Items from a dataset:
--------------------

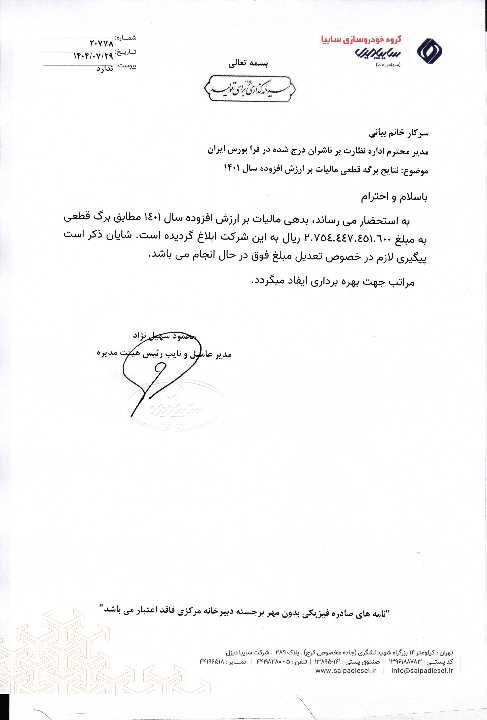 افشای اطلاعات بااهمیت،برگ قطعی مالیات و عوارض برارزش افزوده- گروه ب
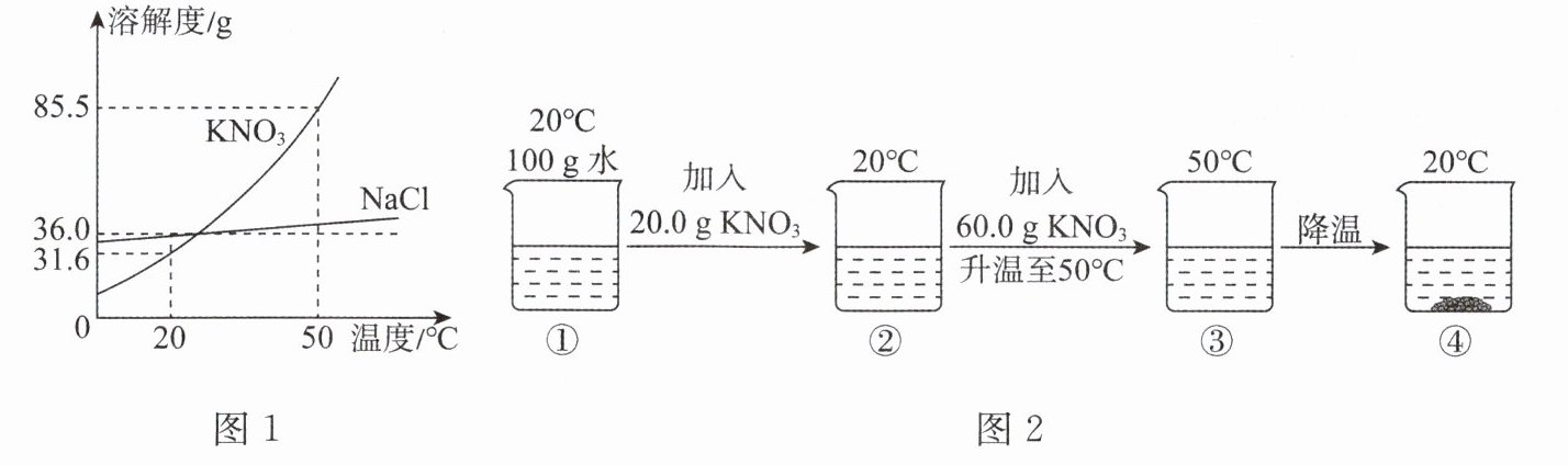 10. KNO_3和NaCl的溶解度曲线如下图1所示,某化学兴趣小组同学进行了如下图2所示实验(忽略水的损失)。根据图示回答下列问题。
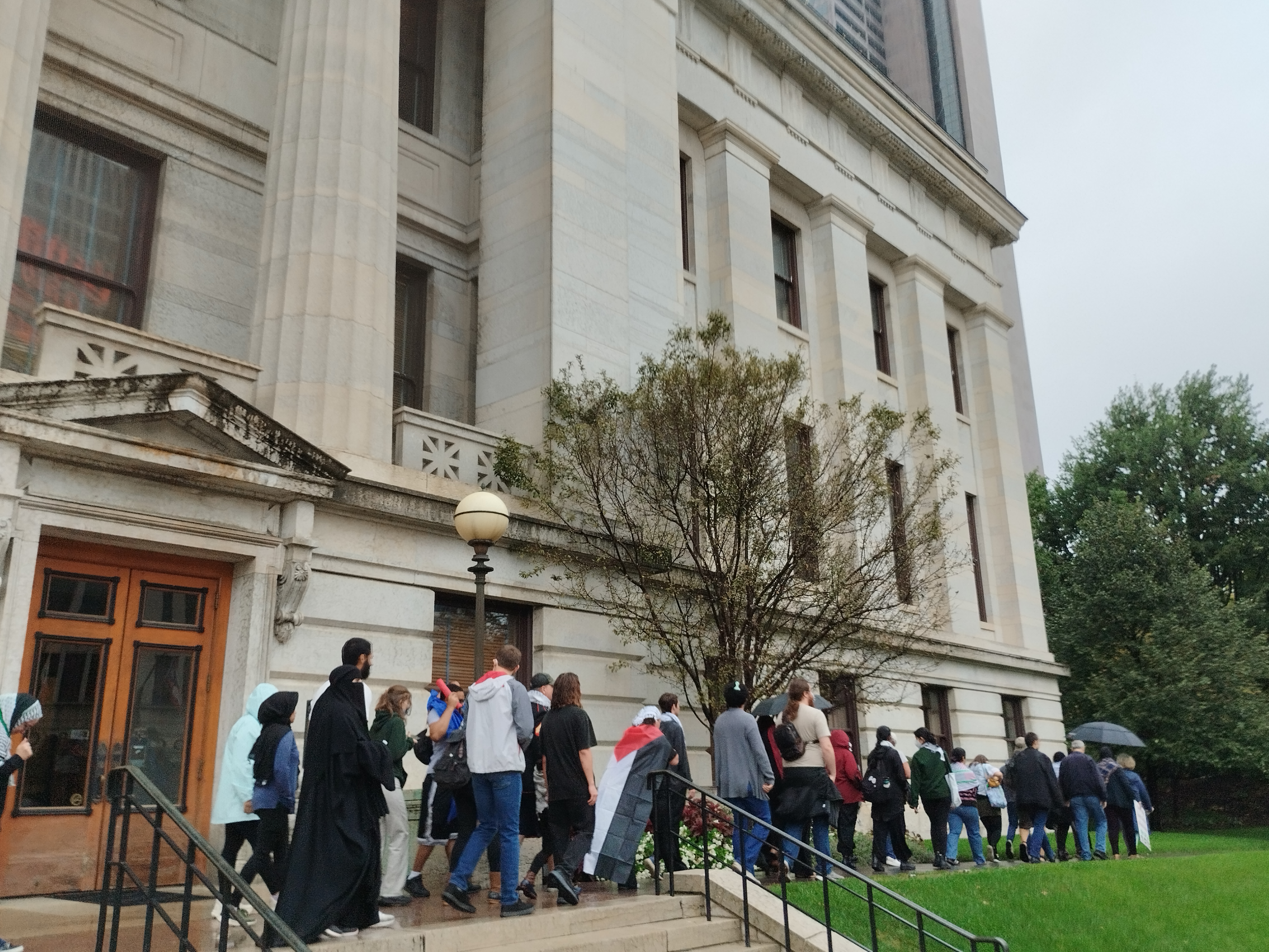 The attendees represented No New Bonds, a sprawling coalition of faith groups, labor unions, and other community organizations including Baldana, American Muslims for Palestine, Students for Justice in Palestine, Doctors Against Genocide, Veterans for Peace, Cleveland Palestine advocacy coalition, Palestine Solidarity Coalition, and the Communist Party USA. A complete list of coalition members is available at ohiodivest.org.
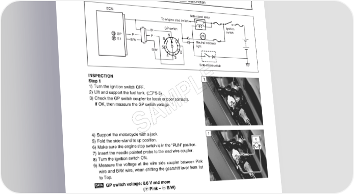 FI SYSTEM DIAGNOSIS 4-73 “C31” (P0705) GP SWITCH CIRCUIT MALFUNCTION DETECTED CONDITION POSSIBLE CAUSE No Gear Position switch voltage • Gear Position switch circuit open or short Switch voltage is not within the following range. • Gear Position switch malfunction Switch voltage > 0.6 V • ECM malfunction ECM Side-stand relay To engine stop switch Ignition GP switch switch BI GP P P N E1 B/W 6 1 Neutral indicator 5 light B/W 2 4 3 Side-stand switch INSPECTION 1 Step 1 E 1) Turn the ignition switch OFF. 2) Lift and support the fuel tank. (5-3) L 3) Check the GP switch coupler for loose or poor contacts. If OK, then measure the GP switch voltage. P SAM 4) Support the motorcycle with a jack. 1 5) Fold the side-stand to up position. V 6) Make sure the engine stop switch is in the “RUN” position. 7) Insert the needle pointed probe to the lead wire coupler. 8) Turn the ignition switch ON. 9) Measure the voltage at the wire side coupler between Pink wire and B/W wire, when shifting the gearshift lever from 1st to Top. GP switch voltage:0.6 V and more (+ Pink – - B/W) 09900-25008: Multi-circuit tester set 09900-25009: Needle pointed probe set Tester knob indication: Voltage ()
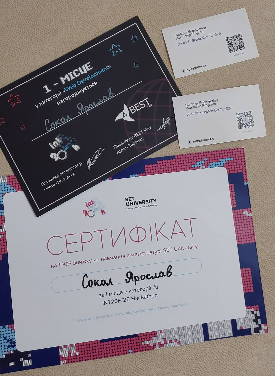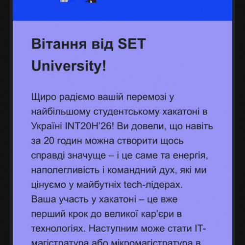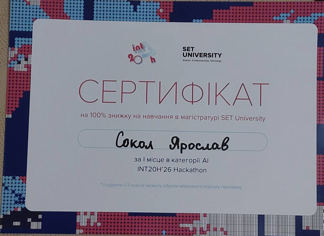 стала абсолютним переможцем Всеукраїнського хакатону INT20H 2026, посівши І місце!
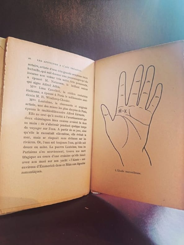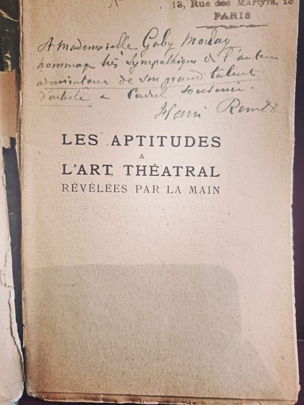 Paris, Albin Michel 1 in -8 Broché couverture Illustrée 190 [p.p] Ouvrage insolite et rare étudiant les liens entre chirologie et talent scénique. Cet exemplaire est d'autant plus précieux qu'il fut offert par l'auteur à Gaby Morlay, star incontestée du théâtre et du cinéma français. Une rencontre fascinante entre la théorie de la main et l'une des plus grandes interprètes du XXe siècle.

--------------------

▶ TASK OBJECTIVE
Give back every entry in its exact wording, leaving the pictures out.

▶ ANSWER SPACE
 افشای اطلاعات بااهمیت،برگ قطعی مالیات و عوارض برارزش افزوده- گروه ب
 10. KNO_3和NaCl的溶解度曲线如下图1所示,某化学兴趣小组同学进行了如下图2所示实验(忽略水的损失)。根据图示回答下列问题。
 The attendees represented No New Bonds, a sprawling coalition of faith groups, labor unions, and other community organizations including Baldana, American Muslims for Palestine, Students for Justice in Palestine, Doctors Against Genocide, Veterans for Peace, Cleveland Palestine advocacy coalition, Palestine Solidarity Coalition, and the Communist Party USA. A complete list of coalition members is available at ohiodivest.org.
 FI SYSTEM DIAGNOSIS 4-73 “C31” (P0705) GP SWITCH CIRCUIT MALFUNCTION DETECTED CONDITION POSSIBLE CAUSE No Gear Position switch voltage • Gear Position switch circuit open or short Switch voltage is not within the following range. • Gear Position switch malfunction Switch voltage > 0.6 V • ECM malfunction ECM Side-stand relay To engine stop switch Ignition GP switch switch BI GP P P N E1 B/W 6 1 Neutral indicator 5 light B/W 2 4 3 Side-stand switch INSPECTION 1 Step 1 E 1) Turn the ignition switch OFF. 2) Lift and support the fuel tank. (5-3) L 3) Check the GP switch coupler for loose or poor contacts. If OK, then measure the GP switch voltage. P SAM 4) Support the motorcycle with a jack. 1 5) Fold the side-stand to up position. V 6) Make sure the engine stop switch is in the “RUN” position. 7) Insert the needle pointed probe to the lead wire coupler. 8) Turn the ignition switch ON. 9) Measure the voltage at the wire side coupler between Pink wire and B/W wire, when shifting the gearshift lever from 1st to Top. GP switch voltage:0.6 V and more (+ Pink – - B/W) 09900-25008: Multi-circuit tester set 09900-25009: Needle pointed probe set Tester knob indication: Voltage ()
 стала абсолютним переможцем Всеукраїнського хакатону INT20H 2026, посівши І місце!
 Paris, Albin Michel 1 in -8 Broché couverture Illustrée 190 [p.p] Ouvrage insolite et rare étudiant les liens entre chirologie et talent scénique. Cet exemplaire est d'autant plus précieux qu'il fut offert par l'auteur à Gaby Morlay, star incontestée du théâtre et du cinéma français. Une rencontre fascinante entre la théorie de la main et l'une des plus grandes interprètes du XXe siècle.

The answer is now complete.